Wednesday, June 24, 2009

A Cosmic Joke

I've been thinking about this all day. I have about a hundred different things I could say, but I don't really want to say any of them. I don't want to have to explain myself. I wish I could wake up tomorrow and have this be a bad dream.

There is no more baby.

No more plans, no more happy news to share.
(just sucky news that I now have to "un-tell" everyone)

No "exchange" for not getting to have my Lasik surgery. Not that that is as important as a baby, but it still matters for all the pain my stupid eyes have put me through. Last night I had a migraine from my glasses.

Tonight I just have nothing. No baby and no relief in sight since God obviously said "no Lasik". It just seems like he has a twisted sense of humor to take that away by giving me a baby and then to take the baby away too.
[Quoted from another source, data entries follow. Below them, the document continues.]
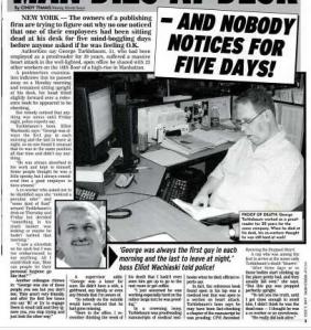 Os gerentes de uma Editora novaiorquina estão tentando descobrir, porque ninguém notou que um dos seus empregados estava morto, sentado à sua mesa há cinco dias. George Turklebaum, 51 anos, que trabalhava como Verificador de Texto numa firma de Nova Iorque há 30 anos, sofreu um ataque cardíaco no andar onde trabalhava (open space, sem divisórias) com outros 23 funcionários.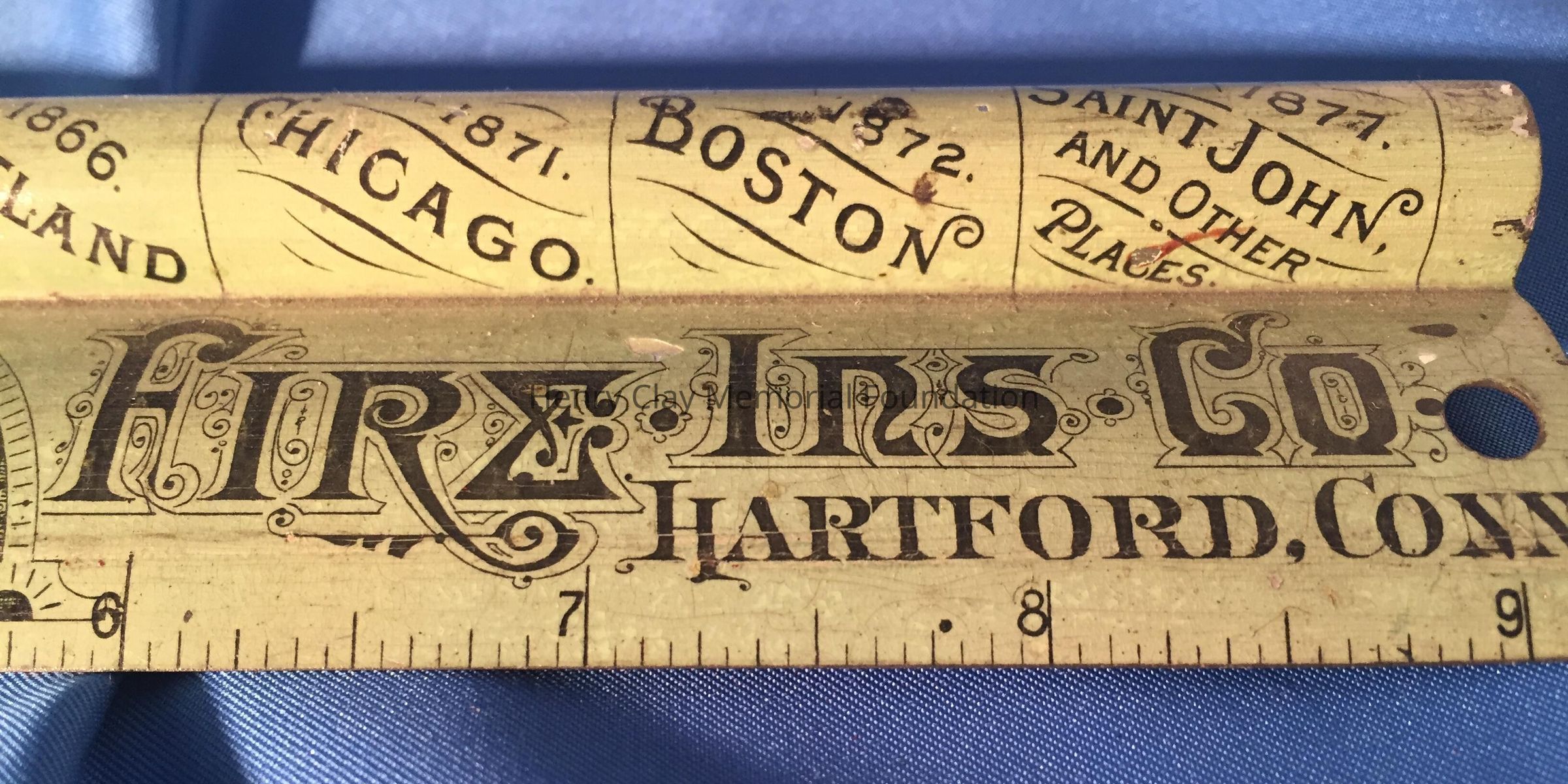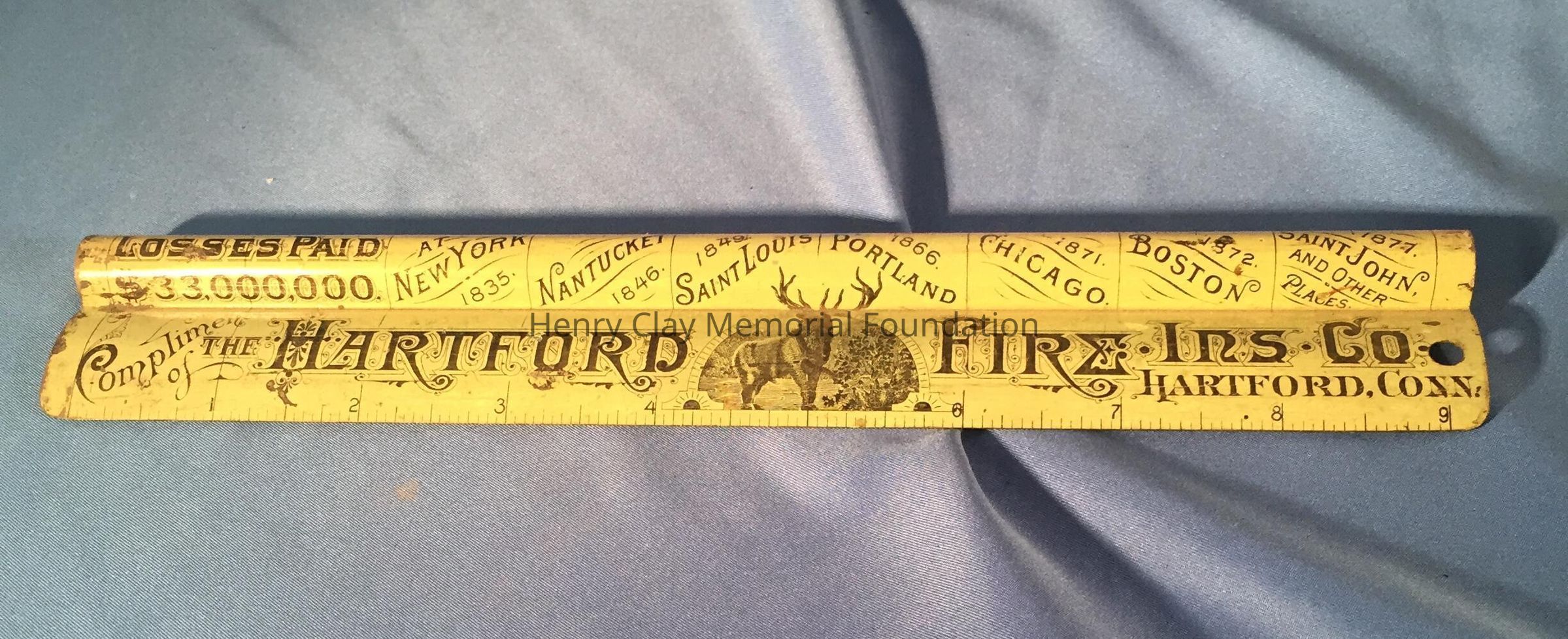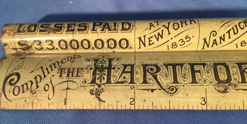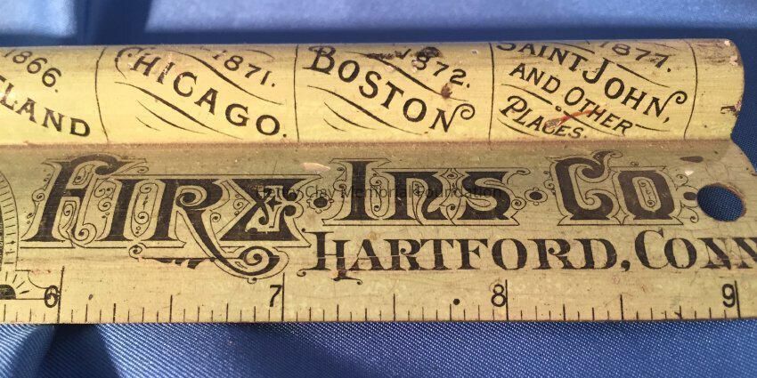 Metal ruler: "Compliments of the Hartford Fire Ins. Co. Hartford, Conn." Patent Sept. 8th, 1885.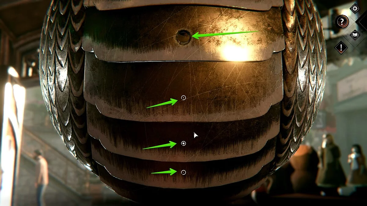 Снова вернитесь к логотипу Форальберга. Опустите щитки так, чтобы все отверстия сошлись вместе и появилась кнопка. Так вы получите специальный ключ от автоматона.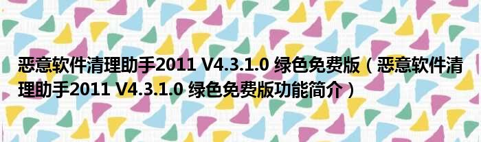 恶意软件清理助手2011 V4.3.1.0 绿色免费版(恶意软件清理助手2011 V4.3.1.0 绿色免费版功能简介)

There is of course the part of me that thinks this is my fault. I did get on the jet ski on Saturday without even thinking about it. If I'm so worried about the roller coasters in Disneyland next month why didn't I think about the bouncing of a jet ski? But I didn't. Is it coincidence that it's 3 days later? I don't know. (hey, look, now I don't have to worry about the roller coasters. some consolation prize that is...)

Is it the fact that I feel like my body's all messed up for the last while? Do I have any control over that?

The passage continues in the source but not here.